● PROMPT:
The full set of records must be printed exactly as given.

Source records
%%

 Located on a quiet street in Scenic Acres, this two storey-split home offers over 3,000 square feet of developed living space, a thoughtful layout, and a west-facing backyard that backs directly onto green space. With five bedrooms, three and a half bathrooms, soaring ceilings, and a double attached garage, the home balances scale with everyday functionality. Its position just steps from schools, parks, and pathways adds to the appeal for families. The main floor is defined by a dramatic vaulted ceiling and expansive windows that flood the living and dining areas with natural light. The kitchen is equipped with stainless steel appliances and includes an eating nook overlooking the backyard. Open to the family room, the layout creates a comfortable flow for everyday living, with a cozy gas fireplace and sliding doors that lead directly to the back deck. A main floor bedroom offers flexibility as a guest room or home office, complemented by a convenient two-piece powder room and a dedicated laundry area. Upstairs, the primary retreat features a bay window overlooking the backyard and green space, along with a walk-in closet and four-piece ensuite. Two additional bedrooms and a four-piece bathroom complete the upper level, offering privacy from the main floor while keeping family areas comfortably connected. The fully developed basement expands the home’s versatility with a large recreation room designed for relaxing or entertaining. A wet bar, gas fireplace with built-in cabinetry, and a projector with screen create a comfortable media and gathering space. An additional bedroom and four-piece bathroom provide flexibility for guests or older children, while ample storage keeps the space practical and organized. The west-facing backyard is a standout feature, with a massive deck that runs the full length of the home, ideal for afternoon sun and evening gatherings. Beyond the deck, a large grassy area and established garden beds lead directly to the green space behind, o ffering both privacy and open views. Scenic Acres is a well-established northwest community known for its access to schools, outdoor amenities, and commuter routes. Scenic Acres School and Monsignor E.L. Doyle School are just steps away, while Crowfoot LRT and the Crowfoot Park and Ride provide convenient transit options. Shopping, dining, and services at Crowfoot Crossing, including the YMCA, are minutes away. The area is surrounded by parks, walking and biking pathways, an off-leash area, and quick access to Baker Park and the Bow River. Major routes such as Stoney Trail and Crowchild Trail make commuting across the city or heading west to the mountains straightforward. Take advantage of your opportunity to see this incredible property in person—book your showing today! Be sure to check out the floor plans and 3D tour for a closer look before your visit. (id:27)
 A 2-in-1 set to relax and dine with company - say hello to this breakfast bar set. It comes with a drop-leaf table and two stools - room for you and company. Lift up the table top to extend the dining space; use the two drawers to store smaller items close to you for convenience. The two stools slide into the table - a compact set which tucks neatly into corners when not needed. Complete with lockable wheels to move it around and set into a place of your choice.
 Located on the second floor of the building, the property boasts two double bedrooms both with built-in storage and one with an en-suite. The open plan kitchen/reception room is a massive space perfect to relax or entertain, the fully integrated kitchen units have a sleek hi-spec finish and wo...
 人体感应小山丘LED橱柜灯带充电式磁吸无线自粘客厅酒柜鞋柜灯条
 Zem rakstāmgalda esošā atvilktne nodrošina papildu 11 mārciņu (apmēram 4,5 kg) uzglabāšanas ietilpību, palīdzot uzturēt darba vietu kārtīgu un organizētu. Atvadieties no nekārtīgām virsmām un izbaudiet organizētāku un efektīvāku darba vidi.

%%

● TASK ANSWER:
 Located on a quiet street in Scenic Acres, this two storey-split home offers over 3,000 square feet of developed living space, a thoughtful layout, and a west-facing backyard that backs directly onto green space. With five bedrooms, three and a half bathrooms, soaring ceilings, and a double attached garage, the home balances scale with everyday functionality. Its position just steps from schools, parks, and pathways adds to the appeal for families. The main floor is defined by a dramatic vaulted ceiling and expansive windows that flood the living and dining areas with natural light. The kitchen is equipped with stainless steel appliances and includes an eating nook overlooking the backyard. Open to the family room, the layout creates a comfortable flow for everyday living, with a cozy gas fireplace and sliding doors that lead directly to the back deck. A main floor bedroom offers flexibility as a guest room or home office, complemented by a convenient two-piece powder room and a dedicated laundry area. Upstairs, the primary retreat features a bay window overlooking the backyard and green space, along with a walk-in closet and four-piece ensuite. Two additional bedrooms and a four-piece bathroom complete the upper level, offering privacy from the main floor while keeping family areas comfortably connected. The fully developed basement expands the home’s versatility with a large recreation room designed for relaxing or entertaining. A wet bar, gas fireplace with built-in cabinetry, and a projector with screen create a comfortable media and gathering space. An additional bedroom and four-piece bathroom provide flexibility for guests or older children, while ample storage keeps the space practical and organized. The west-facing backyard is a standout feature, with a massive deck that runs the full length of the home, ideal for afternoon sun and evening gatherings. Beyond the deck, a large grassy area and established garden beds lead directly to the green space behind, o ffering both privacy and open views. Scenic Acres is a well-established northwest community known for its access to schools, outdoor amenities, and commuter routes. Scenic Acres School and Monsignor E.L. Doyle School are just steps away, while Crowfoot LRT and the Crowfoot Park and Ride provide convenient transit options. Shopping, dining, and services at Crowfoot Crossing, including the YMCA, are minutes away. The area is surrounded by parks, walking and biking pathways, an off-leash area, and quick access to Baker Park and the Bow River. Major routes such as Stoney Trail and Crowchild Trail make commuting across the city or heading west to the mountains straightforward. Take advantage of your opportunity to see this incredible property in person—book your showing today! Be sure to check out the floor plans and 3D tour for a closer look before your visit. (id:27)
 A 2-in-1 set to relax and dine with company - say hello to this breakfast bar set. It comes with a drop-leaf table and two stools - room for you and company. Lift up the table top to extend the dining space; use the two drawers to store smaller items close to you for convenience. The two stools slide into the table - a compact set which tucks neatly into corners when not needed. Complete with lockable wheels to move it around and set into a place of your choice.
 Located on the second floor of the building, the property boasts two double bedrooms both with built-in storage and one with an en-suite. The open plan kitchen/reception room is a massive space perfect to relax or entertain, the fully integrated kitchen units have a sleek hi-spec finish and wo...
 人体感应小山丘LED橱柜灯带充电式磁吸无线自粘客厅酒柜鞋柜灯条
 Zem rakstāmgalda esošā atvilktne nodrošina papildu 11 mārciņu (apmēram 4,5 kg) uzglabāšanas ietilpību, palīdzot uzturēt darba vietu kārtīgu un organizētu. Atvadieties no nekārtīgām virsmām un izbaudiet organizētāku un efektīvāku darba vidi.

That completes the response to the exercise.